Ultraselective Dual Detection of Hydrogen and Ammonia Using Pd-W₁₈O₄₉ Nanowire MEMS Chemoresistive Gas Sensor

Gas sensor technologies have attracted considerable attention owing to their diverse applications, including indoor air quality monitoring, disease diagnosis, and food quality assessment. Metal oxide semiconductor (MOS) chemiresistive gas sensors have been suggested as a reliable platform for gas detection due to their high sensitivity, rapid response, small size, and cost-effectiveness.

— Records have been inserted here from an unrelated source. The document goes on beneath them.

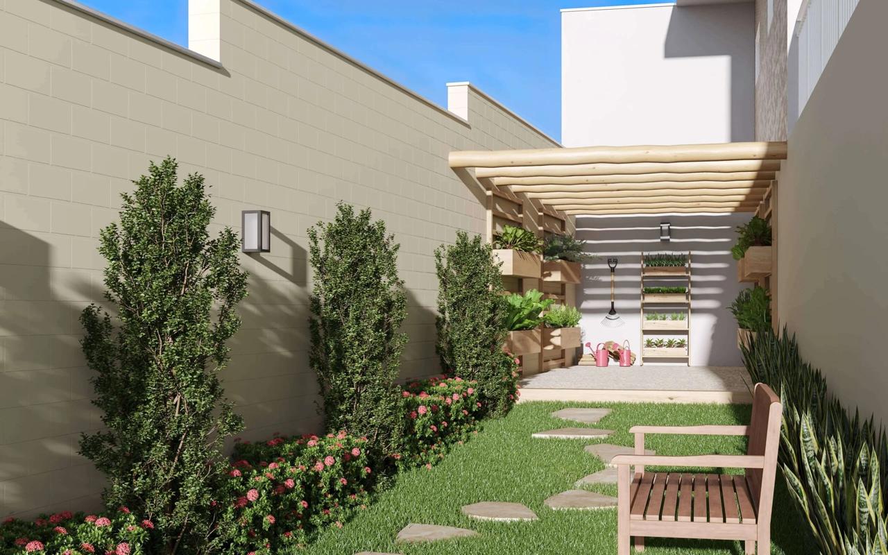 A sala ampla com dois ambientes oferece espaço e aconchego para momentos de convivência, enquanto a cozinha planejada é funcional e prática, acompanhada de uma lavanderia eficiente. Além disso, o imóvel conta com banheiro social e uma varanda charmosa para relaxar.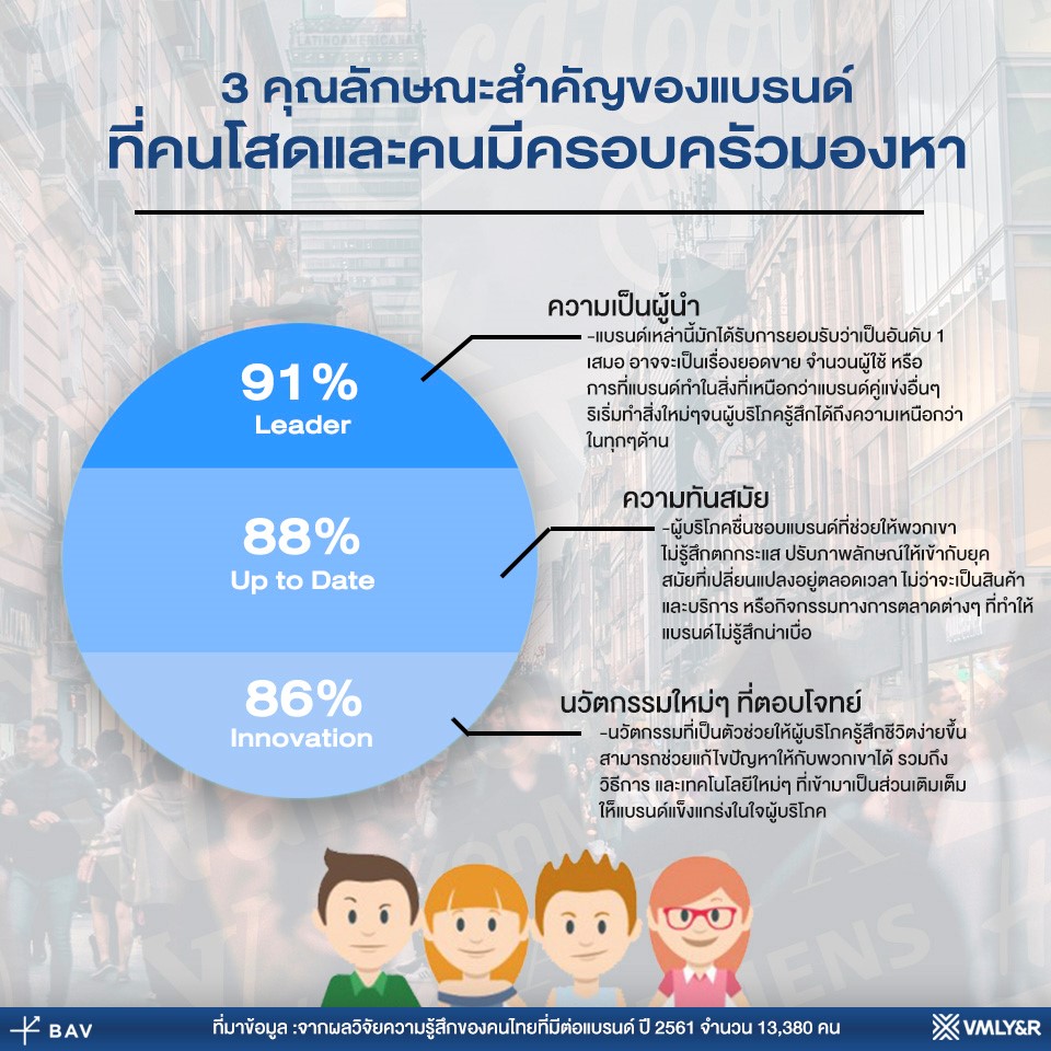 จากผลสำรวจทางทีมงานพบว่า…ทั้งคนโสดและคนมีครอบครัวยังมองหาแบรนด์ที่มีทั้ง 3 คุณลักษณะนี้เป็นสิ่งแรกเสมอ คือ ความเป็นผู้นำตลาด ความทันสมัย และการพัฒนานวัตกรรมใหม่ๆ ที่ตอบโจทย์ลูกค้า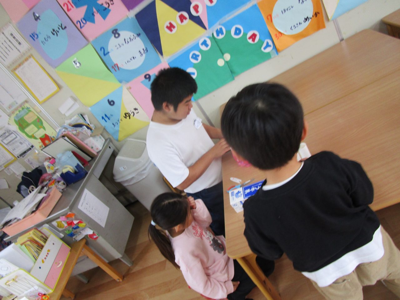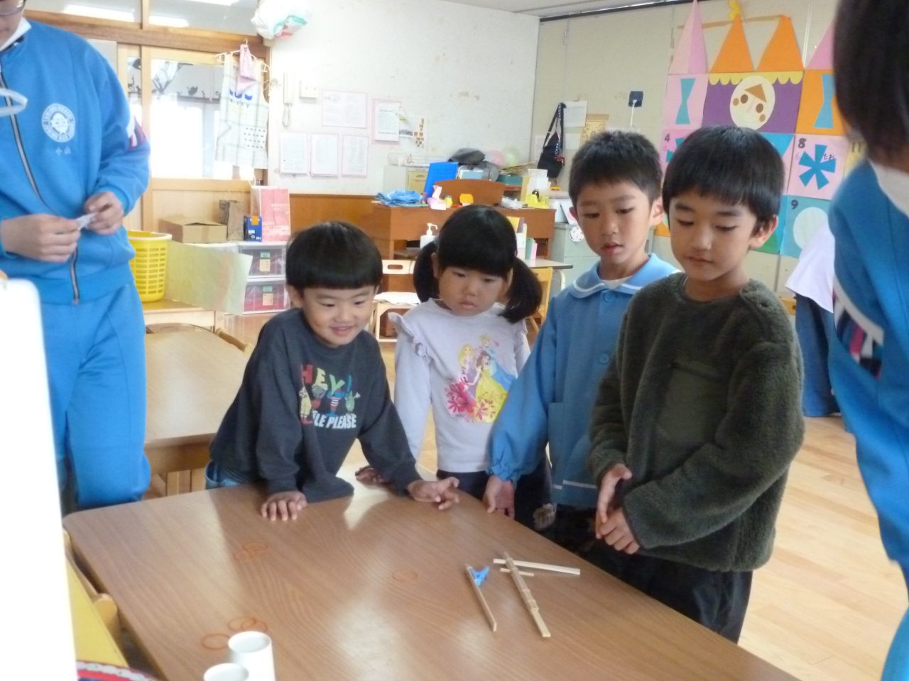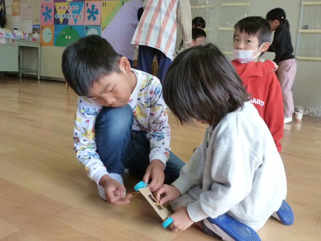 今日は富岡中学校のお兄さんお姉さんが来てくれて手作りおもちゃで一緒に遊んでくれました☺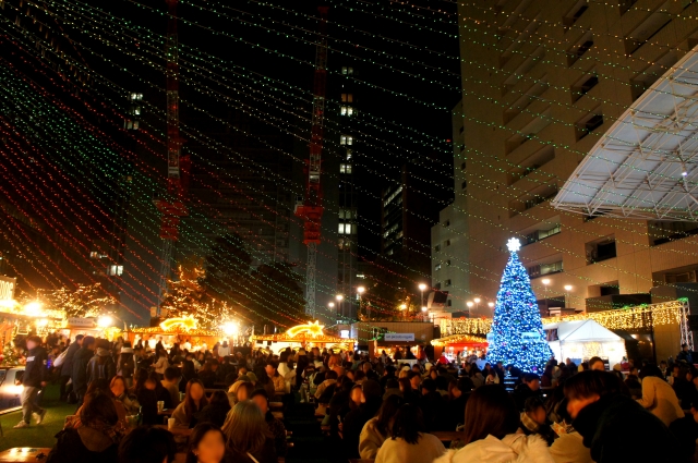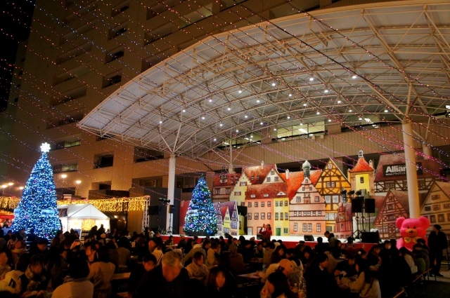 ヨーロッパの伝統的なクリスマスマーケットを再現していて、木製のヒュッテ(小屋)にライトが灯り、広場全体がイルミネーションに包まれます。
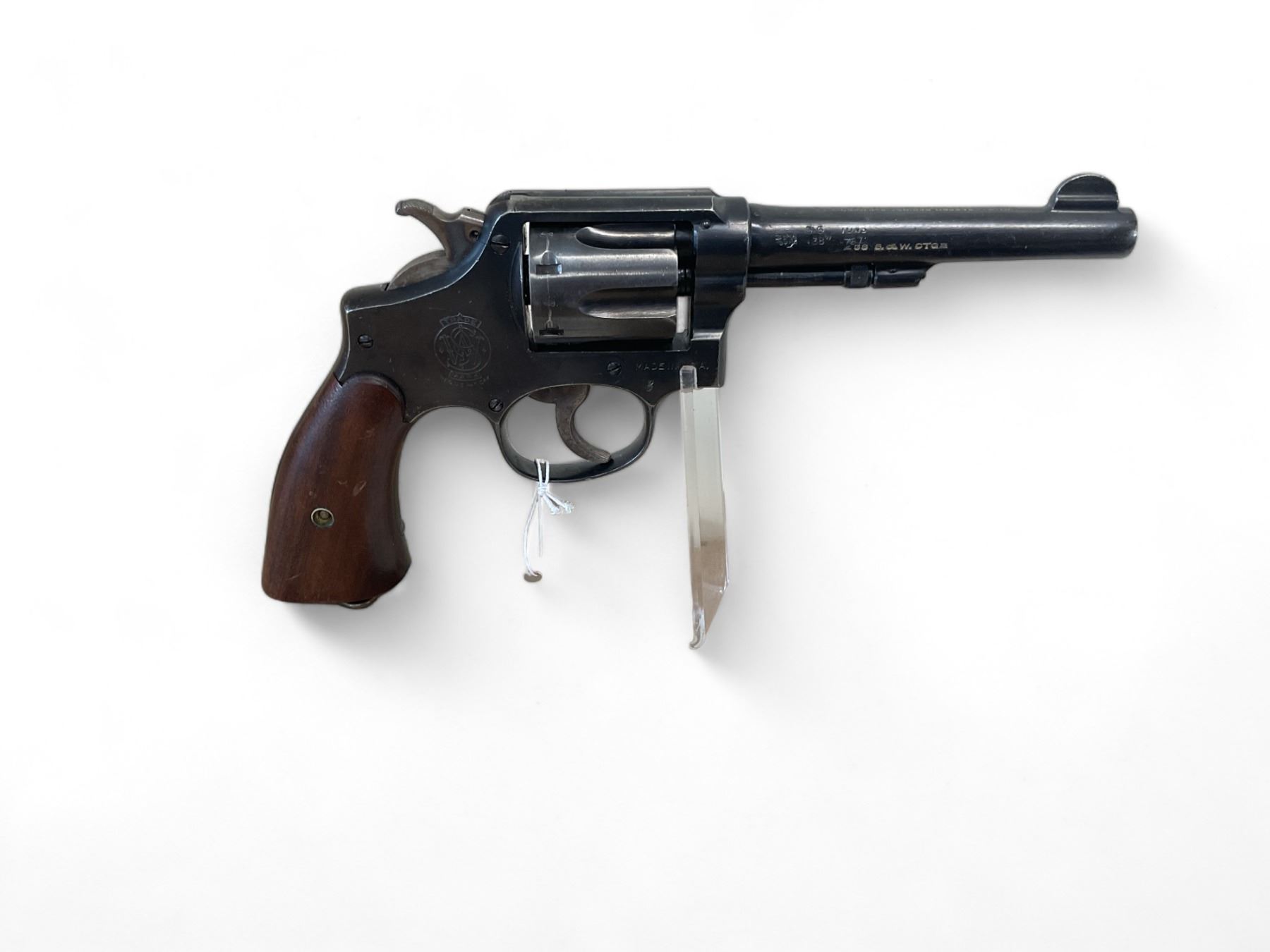 Smith & Wesson Hand Ejector 38/200 British Service Revolver 38 S&W 5" Barrel Wood Grips, Restricted. United States Property marked. Fixed sights; lanyard ring.

Nevertheless, their simple sensing mechanism, based on charge transfer between target gases and the sensing material, often limits their selectivity. In this study, we propose two promising strategies to enhance target gas selectivity – chemical affinity control and temperature modulation. W₁₈O₄₉ nanowires were synthesized using a solvothermal reaction and subsequently decorated with Pd nanoparticles via a wet impregnation process. The Pd-decorated W₁₈O₄₉ nanowire (Pd-W₁₈O₄₉ NWs) sensor exhibited high sensitivity, outstanding selectivity, and ppb-level detection limits for hydrogen and ammonia at operating temperatures of 125 °C and 225 °C, respectively. The improved sensing performance is attributed to the strong chemical affinity between the gases and the sensing materials, as well as the oxidative catalytic properties of Pd. Furthermore, the distinct temperatures required to oxidize the gases enable selective detection via simple temperature modulation. To optimize power efficiency, the dual-functional Pd-W₁₈O₄₉ NWs was integrated into a micro-electromechanical systems (MEMS) platform, and its sensing performance was evaluated. The Pd-W₁₈O₄₉ NWs MEMS sensor, with its dual functionalities, paves the way for the development of selective, miniaturized, and low-power gas sensors.